The Adventure Comes to an End

Fifteen or more years ago, when I would have a bad day at work, I would jokingly say "I'm going to chuck it all and move to New Zealand and raise sheep!"

Twelve years ago, when W was reelected president, I started investigating immigration options in Canada - and New Zealand.

Three years ago, Bobby and I started talking seriously about possibly moving to New Zealand.

Two and a half years, Bobby and I, along with Mike C. and Todd, journeyed to New Zealand for vacation and scouting trip.

One and a half years ago, I moved in New Zealand to start getting things set up for Bobby to join me a few months later.

Today, I gave my notice at my job.
I'm moving back to Columbus mid- to late-August.

This was such a hard decision to make. I really, really love working at Vista. But my personal life has become too much of a struggle without Bobby. I just don't feel the thrill of being here anymore. I'm lonely and terribly depressed and I don't see that ever changing while I'm here. Not to mention how expensive everything is here, especially housing. I am paying more, even after currency conversion, for my one bedroom apartment here than I pay on my mortgage for my 2 story house in Columbus. And buying is completely out of the question, since the price for an entry level "starter home" is now averaging $600,000 (in NZ dollars).

So this week I finally made the decision to move back. My apartment lease is up on August 15, so that was a big driving factor. Instead of renewing a lease or moving to another place, I think it's time to go home.

Last night, I slept like a rock. And had the most bizarre epic dream. In one part, I was preparing to perform (sing) in a talent show. And for my costume, I was wearing some bizarre take on Wendy (from the restaurant company where I used to work). And I was SO happy in the dream. After waking up and thinking it through, I put together that the singing and the Wendy's symbol were things that were very familiar to me.  And those familiar things were making me very happy. And so being among familiar things is what I need. (NOTE this does NOT mean I am returning to work at Wendy's). I need my family and my friends and my house and my kids.

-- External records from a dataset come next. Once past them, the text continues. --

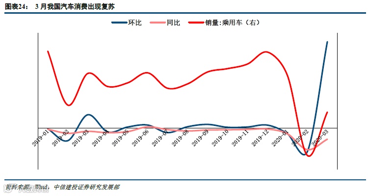 3月,虽然汽车消费仍然下滑明显,但开始出现恢复情况。3月,乘用车销售104.5万辆,同比下降40.4%,比2月78.7%的降幅收窄,3月环比增长317.5%,体现出3月以来随着疫情得到有效控制和复产复工的持续推进,汽车消费在慢慢恢复。我们认为总体上伴随汽车销售的恢复,相关政策无论是中央还是地方层面都在不断推出,稳定汽车消费的意愿坚决。关注充电桩建设情况,这也是新基建的七大重要方向之一。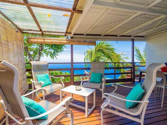 Verbringen Sie einen traumhaften Aufenthalt im Bungalow Poerava Punaauia Ocean View in Punaauia auf Tahiti. Genießen Sie den atemberaubenden Meerblick von Ihrem eigenen Balkon und entspannen Sie auf der Terrasse. Das klimatisierte Ferienhaus bietet Ihnen alle Annehmlichkeiten, die Sie für einen komfortablen Aufenthalt benötigen.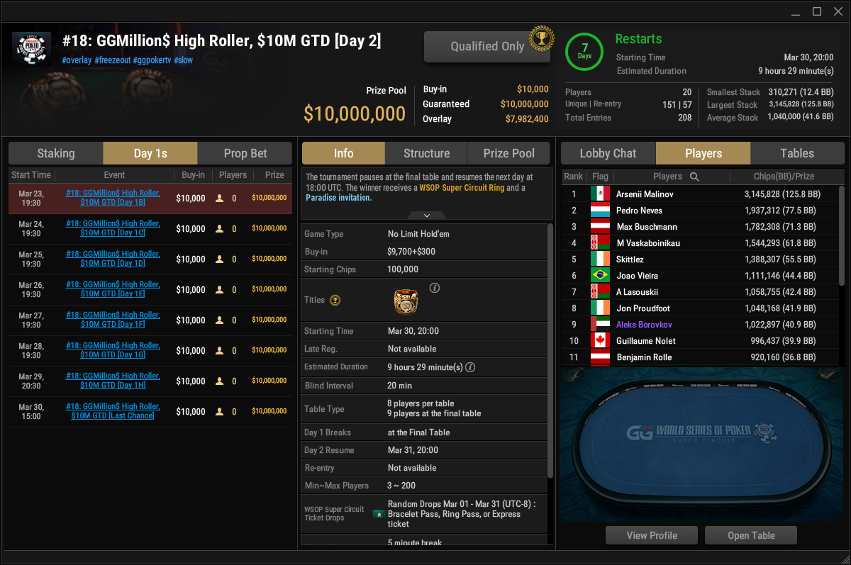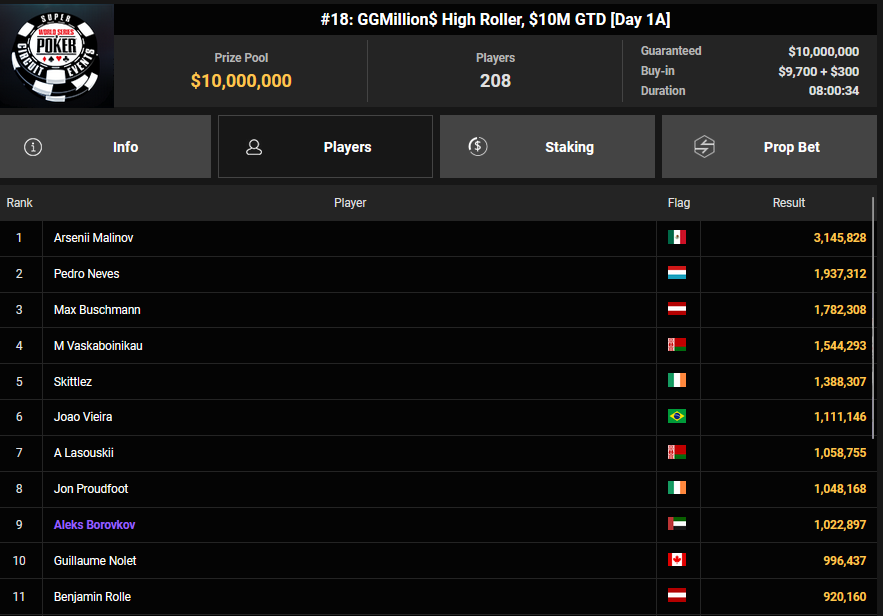 Begonnen hat auch das $10.000 GGMillion$ High Roller (#18). Hier werden insgesamt neun Flights gespielt, mit 208 Entries an Tag 1A hat man schon eine solide Basis für die garantierten $10.000.000 geschaffen. Als bester Deutscher liegt Max Buschmann auf Rang 3, Arsenii Malinov ist der aktuelle Chipleader.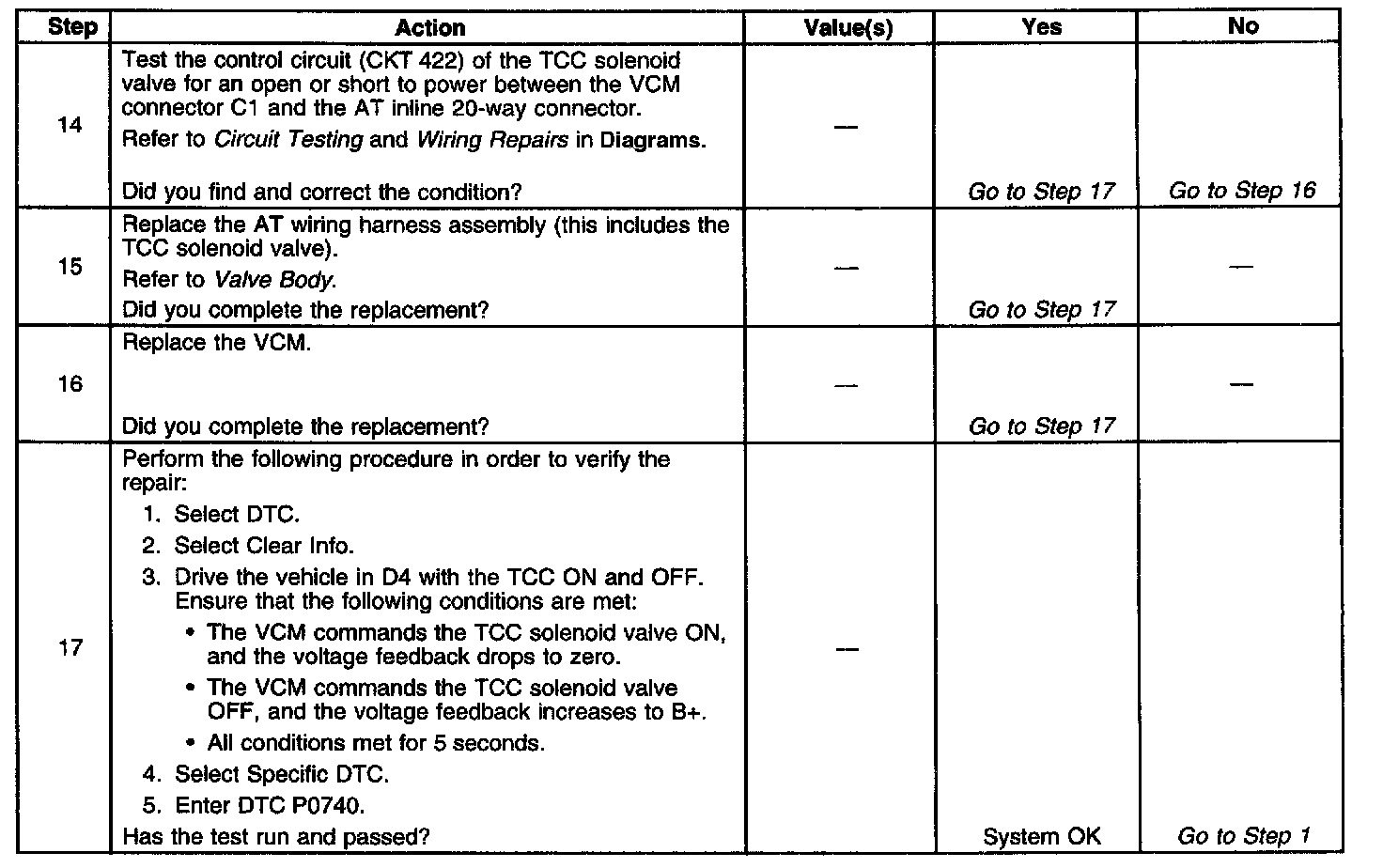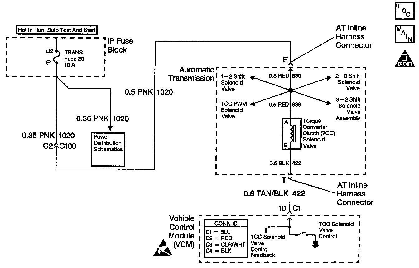 The Torque Converter Clutch (TCC) solenoid valve is an electrical device that is used with the Torque Converter Clutch Pulse Width Modulation (TCC PWM) solenoid valve in order to control TCC apply and release. The TCC solenoid valve attaches to the transmission case assembly extending into the pump cover. The TCC solenoid valve receives ignition voltage through circuit 1020. The Vehicle Control Module (VCM) controls the solenoid by providing the ground path on circuit 422. The VCM monitors the Throttle Position (TP) voltage, the vehicle speed, and other inputs in order to determine when to energize the TCC solenoid valve. When the VCM detects a continuous open, short to ground, or short to power in the TCC solenoid valve circuit, then DTC P0740 sets. DTC P0740 is a type A DTC.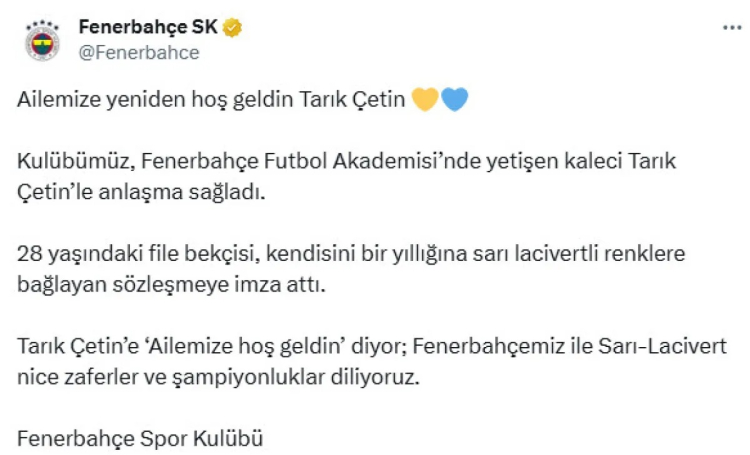 Fenerbahçe Tarık Çetin transferini resmen duyurdu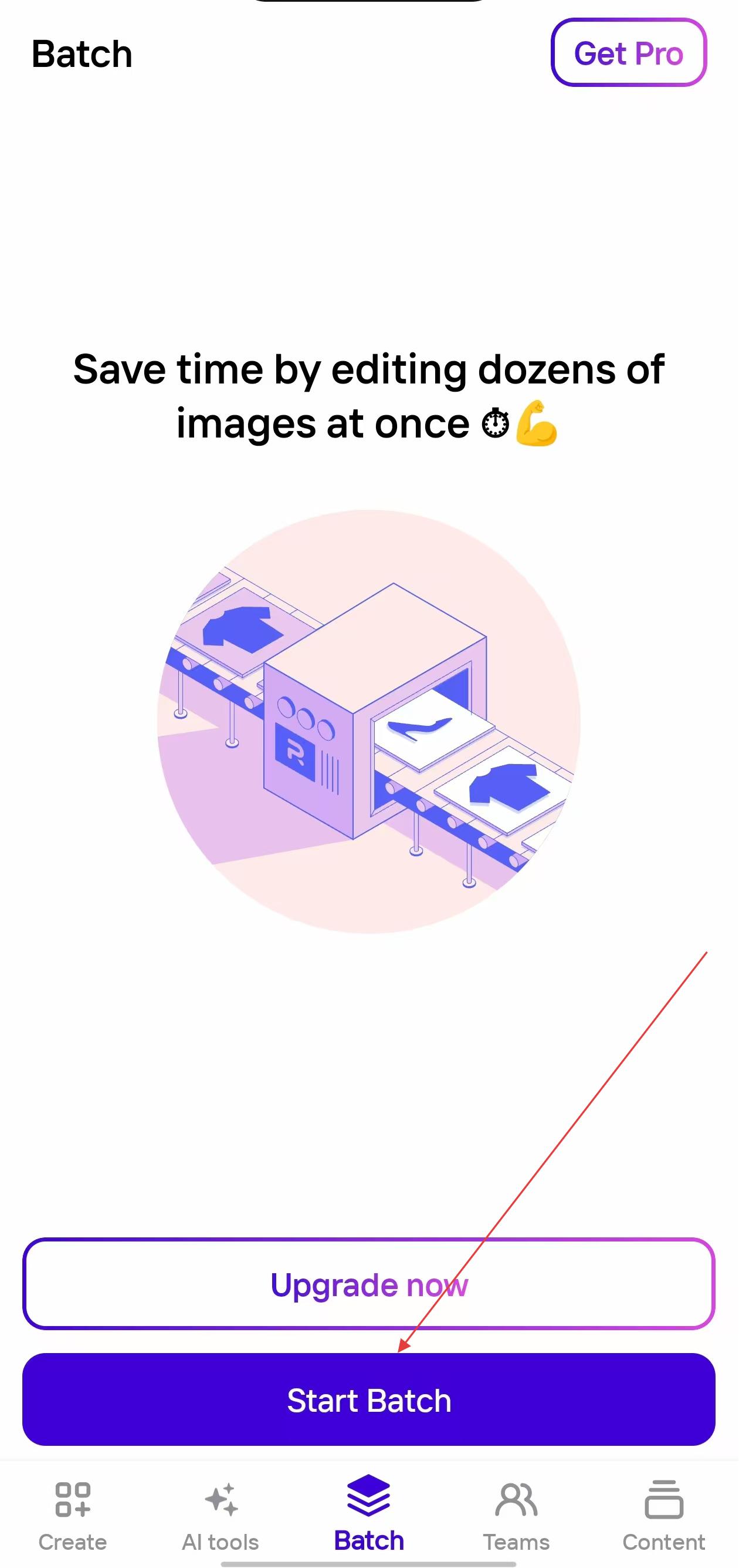 1、打开PhotoroomAPP,进入Batch功能页面,点击下方的Start Batch按钮。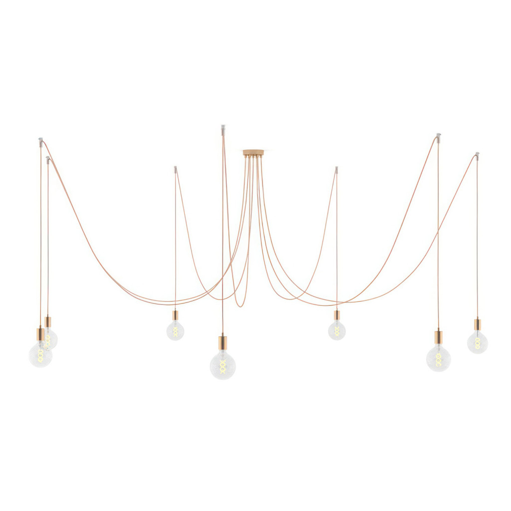 Spider - Pendant lamp with 7 pendants Made in Italy, with bulbs, fabric cables and metal finishes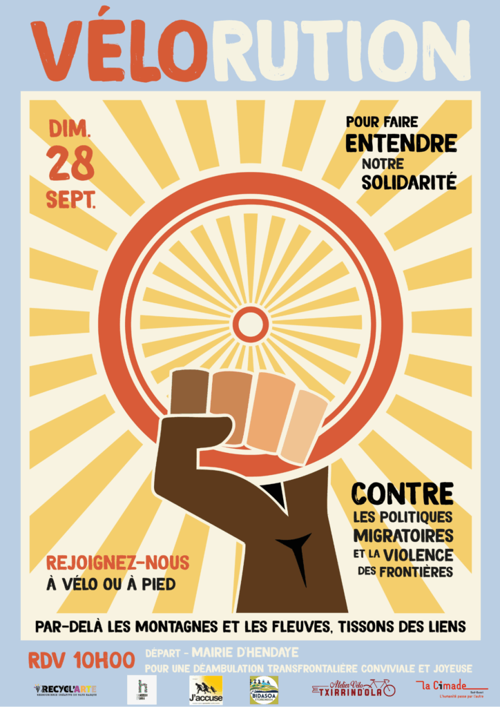 Face à la stigmatisation des personnes étrangères et à la criminalisation des solidaires ; pour protester contre la politique migratoire et dénoncer l’enfermement des personnes étrangères, nous organisons une déambulation pacifique à vélo sur des lieux emblématiques de contrôle et d’enfermement.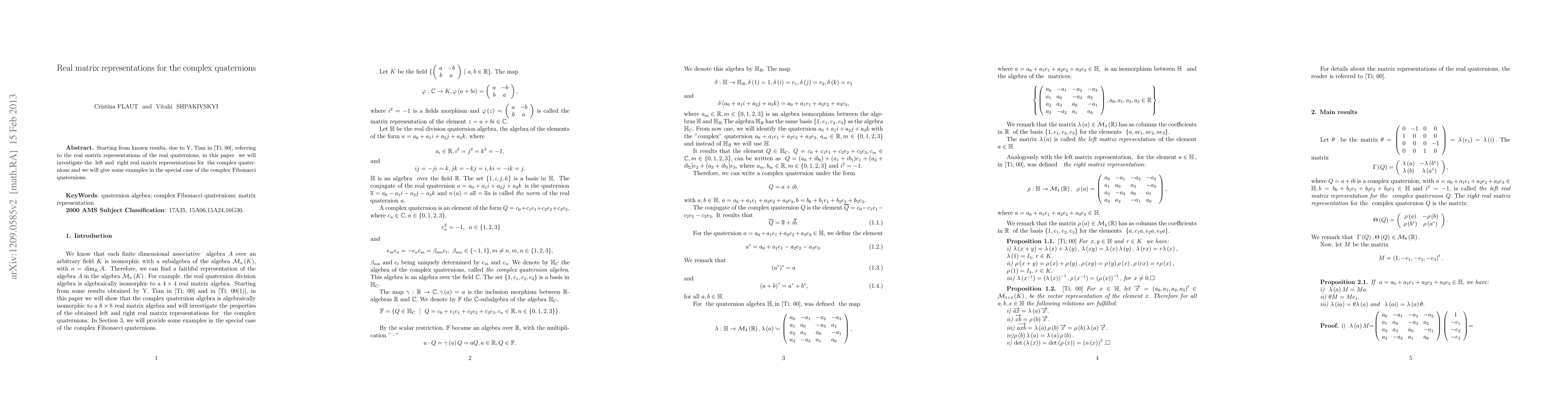 The research introduced a new matrix representation of complex quaternions, which has been shown to have unique properties and potential applications.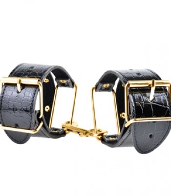 Наручники из черной искусственной крокодиловой кожи с золотыми пряжками и золотым карабином. Стильный выбор для эротических игр. Наручники прочно зафиксируют руки вашего партнера, что позволит вам реализовать сексуальные фантазии.
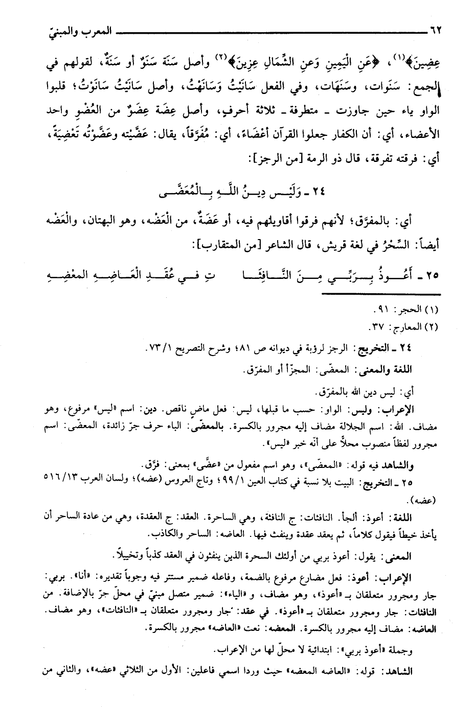 عِضِينَ} 1، {عَنِ الْيَمِينِ وَعَنِ الشِّمَالِ عِزِينَ} 2 وأصل سنة سنو أو سنة، لقولهم في الجمع: سنوات، وسنهات، وفي الفعل سانيت وسانهت، وأصل سانيت سانوت؛ قلبوا الواو ياء حين جاوزت -متطرفة- ثلاثة أحرف، وأصل عضة عضو من العضو واحد الأعضاء، أي: أن الكفار جعلوا القرآن أعضاء، أي: مفرقا، يقال: عضَّيته وعضوته تعضية، أي: فرقته تفرقة، قال ذو الرمة "من الرجز":

It is going to be so difficult to say goodbye to my Vista family. They have been such great people to work with. And they've provided me so much support after Bobby's death. But I really feel like this is what I need to do - and everyone seems to understand completely.

So the next few weeks will be interesting. Trying to offload some of the things I've bought while here. Shipping a bunch of stuff (mostly books and clothes) back. Trying to find a job in Columbus (I would appreciate any leads or help in this matter!).

Stay tuned...

1 comment:

  1. Columbus is a great place and I totally understand your need and reasoning behind doing what you are doing. Also financially I think Columbus would probably be better for you and in actual fact provide you more opportunity. Have you tried reading into local ads or groups on social media? There are usually people willing to help with things like that or at least someone who can point you in the right direction.